Question

Show that the differential equation $2y{e}^{\frac{x}{y}}dx+(y-2x{e}^{\frac{x}{y}})dy=0$ is homogeneous. Find the particular solution of this differential equation, given that $x=0$, when $y=1$.

Answer 1

The given differential equation can be written as $\frac{dx}{dy}=\frac{2x{e}^{\frac{x}{y}-y}}{2y{e}^{\frac{x}{y}}}$ ---- (1)
Let $F(x,y)=\frac{2x{e}^{\frac{x}{y}-y}}{2y{e}^{\frac{x}{y}}}$
Then $F(\lambda x,\lambda y)=\frac{\lambda 2x{e}^{\frac{x}{y}-y}}{\lambda 2y{e}^{\frac{x}{y}}}={\lambda }^o\left[F\right(x,y\left)\right]$

Thus, $F(x,y)$ is a homogeneous function of degree zero.

Therefore, the given differential equation is a homogeneous differential equation.

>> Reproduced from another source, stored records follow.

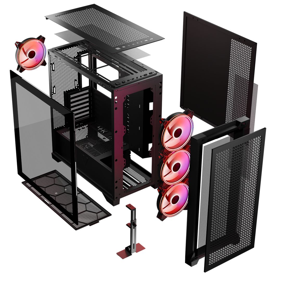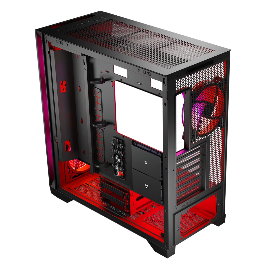 ATX, Black, 3x3,5", 2x2,5", 2xUSB3.0, 1xUSB Type-C, Audio, Táp nélkül, 490x235x505mm, Ventilátor:4x14cm, Tempered glass window, RGB, Gamer
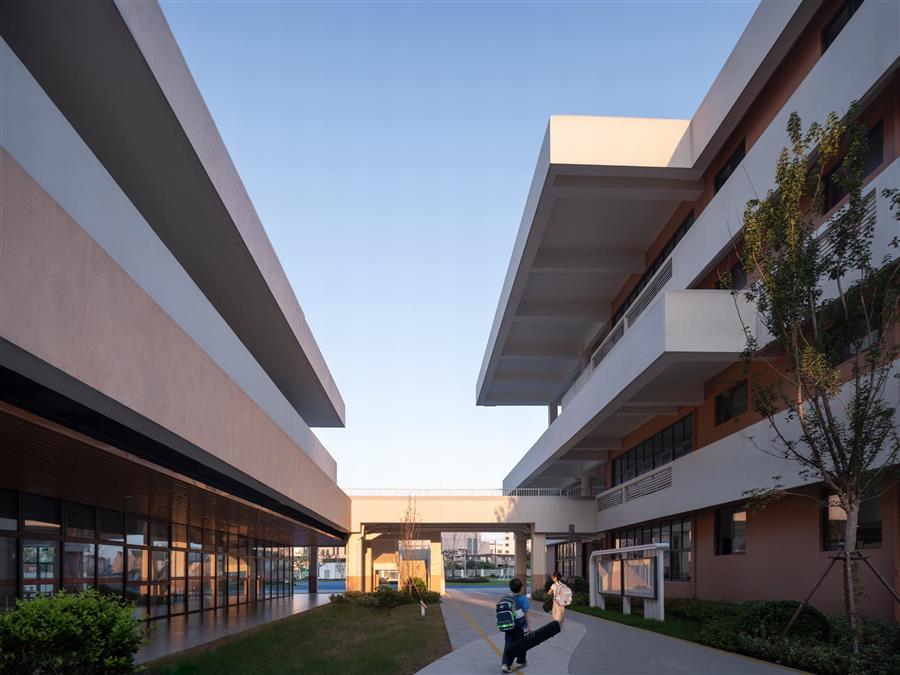 學校占地面積約3.7萬平方米,設(shè)計規(guī)模為60個班,可以容納2700名學生。用地規(guī)則,周邊是新建城區(qū),設(shè)計的開始就是尋找一個合適的敘事語境,為建筑賦予深層次的意義。這種意義與建筑師的個人經(jīng)驗相關(guān),也與建筑師對于城市、地域、環(huán)境的認知相關(guān)。
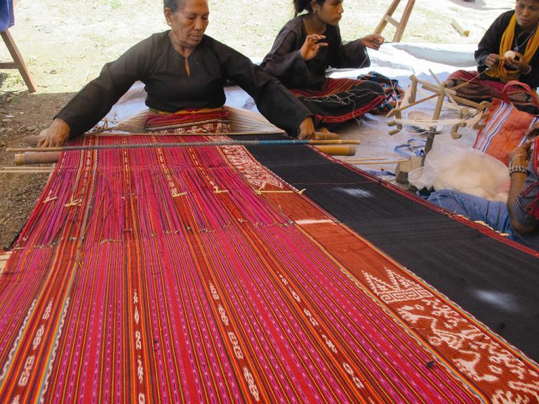 saat upacara adat. Para wanita MBD, terutama di Pulau Kisar, menenun di bawah pohon atau balai desa. Sebelumnya, hasil tenunan ini belum dijual,melainkan hanya dipakai sendiri. Berkat program yangdiselenggarakan semenjak 2001, kini mereka memiliki Simpan Pinjam Kelompok Perempuan, yang bertujuan memajukan usaha perempuan, salah satunya lewat menenun. Kini mereka bisa menenun berkelompok di setiap desa untuk mengerjakan pesanan dari luar.
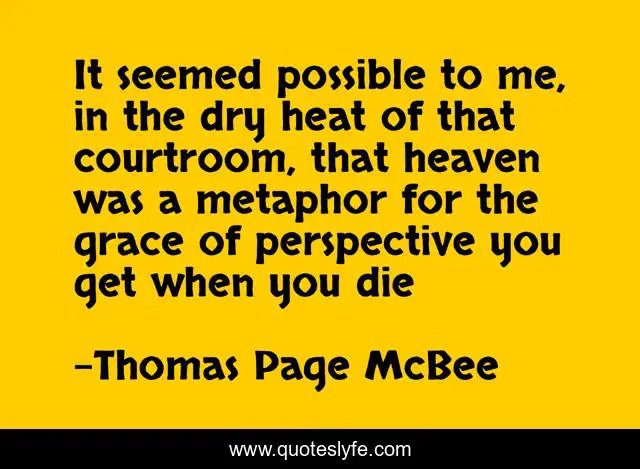 This page presents the quote "It seemed possible to me, in the dry heat of that courtroom, that heaven was a metaphor for the grace of perspective you get when you die". Author of this quote is Thomas Page McBee. .
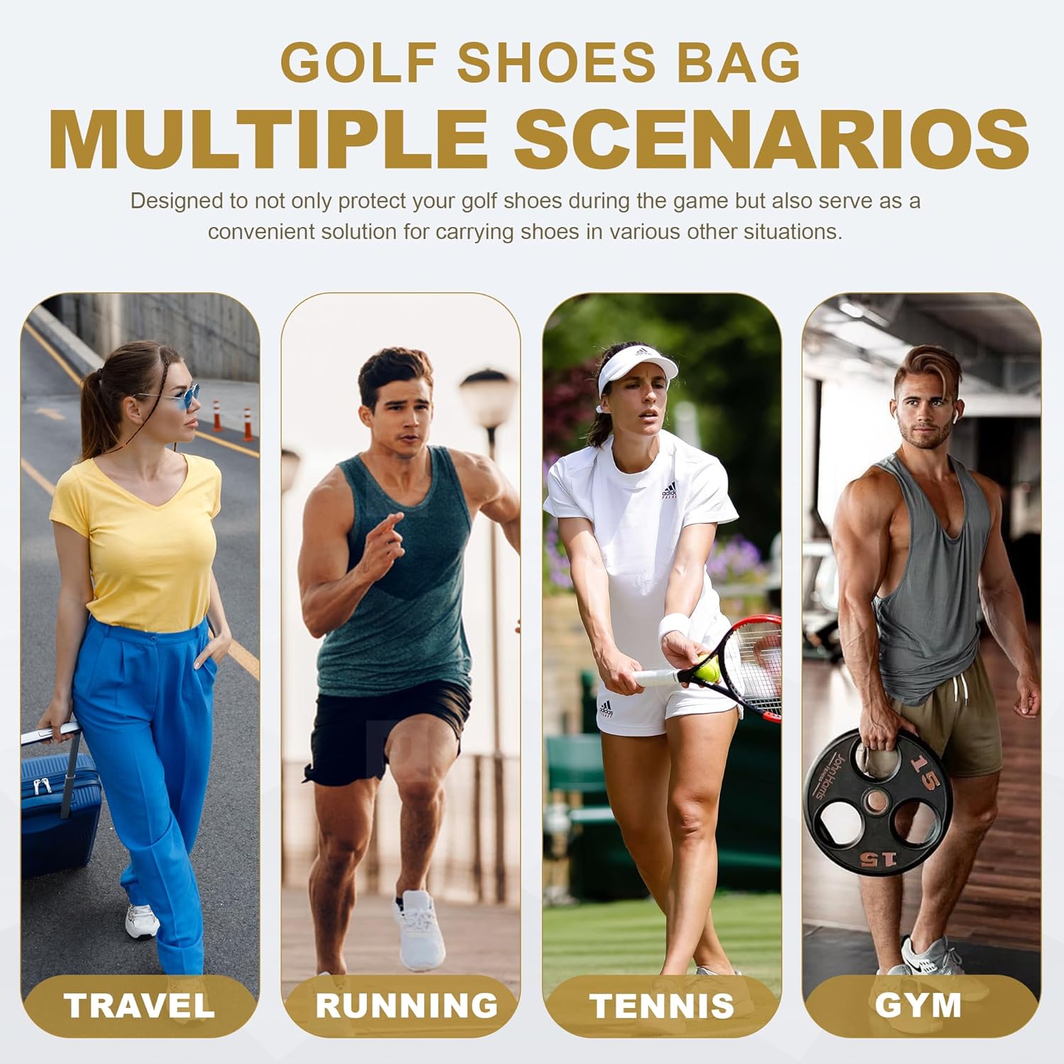 - 【Shoe Bag for Any Occasion】Golf shoe bag design for travel not only can be used for golf in mind but also useful for any athletic shoes - baseball, basketball, soccer cleats. Or used to carry and travel with your shoes for work - dress shoes, heels, etc
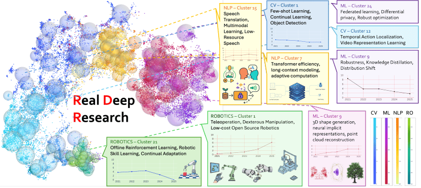 It organizes knowledge like a scientist: clustering ideas, labeling emerging fields, and predicting which topics are accelerating vs burning out, like teleoperation and dexterous manipulation surging, while classic RL stalls.
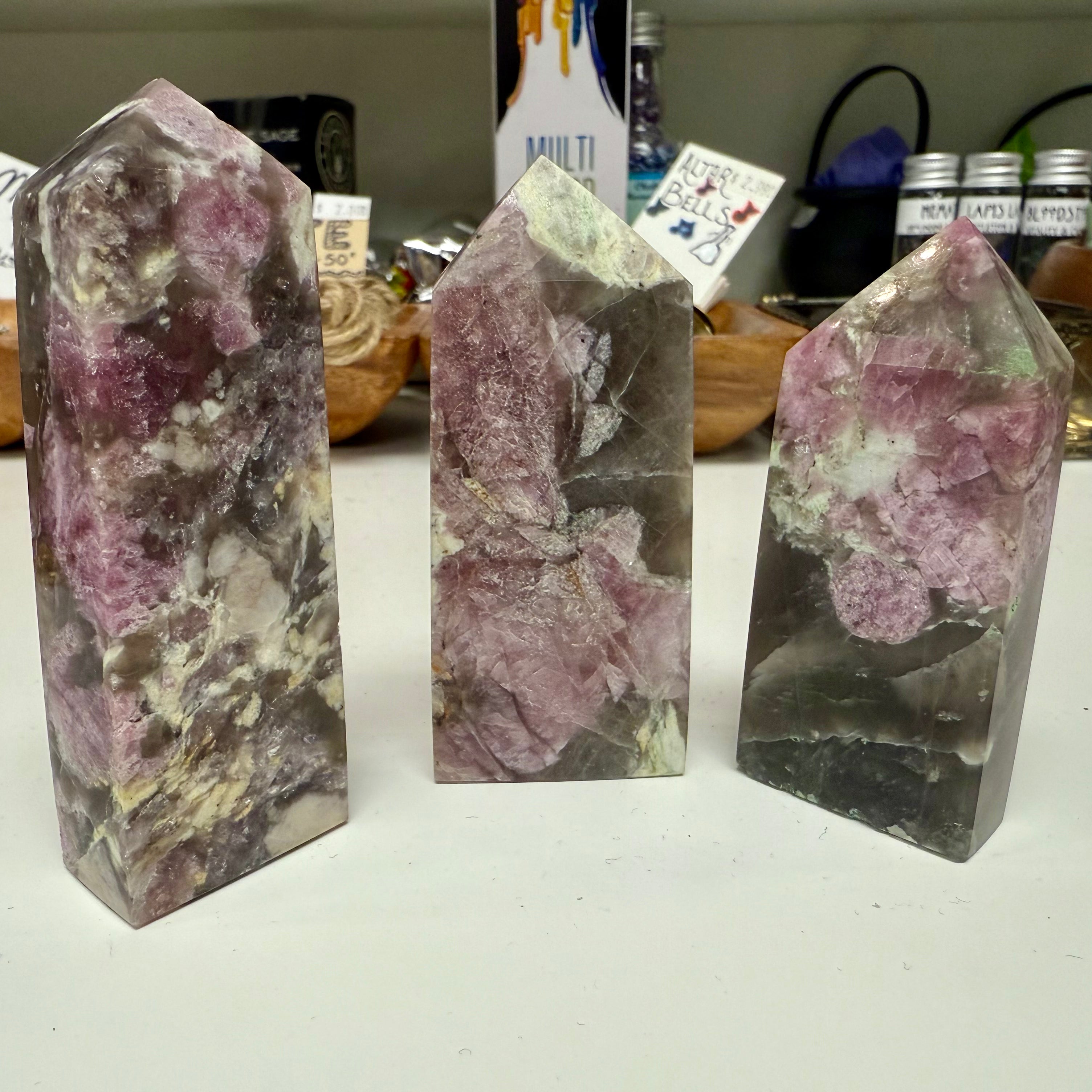 Ourย Pink Tourmaline Gemstone Points (approx. 2.75โ3.5") are polished into 4-sided standing obelisks โ perfect for display, crystal grids, meditation spaces, or altar decor.

To solve it, we make the substitution
$x=vy$ --- (2)

Differentiating equation (1) and (2) w.r.t to y, we get
$\frac{dx}{dy}=v+y\frac{dv}{dy}$

Substitute the value of x and $\frac{dx}{dy}$ in equation (1), we get
$v+y\frac{dv}{dy}=\frac{2v{e}^v-1}{2e^v}$
or

$y\frac{dv}{dy}=\frac{2v{e}^v-1}{2e^v}-v$

$\frac{dx}{dy}=v+y\frac{dv}{dy}$

$y\frac{dv}{dy}=-\frac{1}{2e^v}$

$2e^{v}dv=\frac{-dy}{y}$

$\int 2e^{v}dv=-\int \frac{dy}{y}$

$2e^v=-\log \left|y\right|+C$

Now replacing v by $\frac{x}{y}$, we get
$2e^{\frac{x}{y}}+\log \left|y\right|=C$ ----(3)

Substituting $x=0$ and $y=1$ in equation (3), we get
$2e^{\frac{0}{1}}+\log \left|1\right|=C\Rightarrow C=2$
$2e^{\frac{x}{y}}+\log \left|y\right|=2$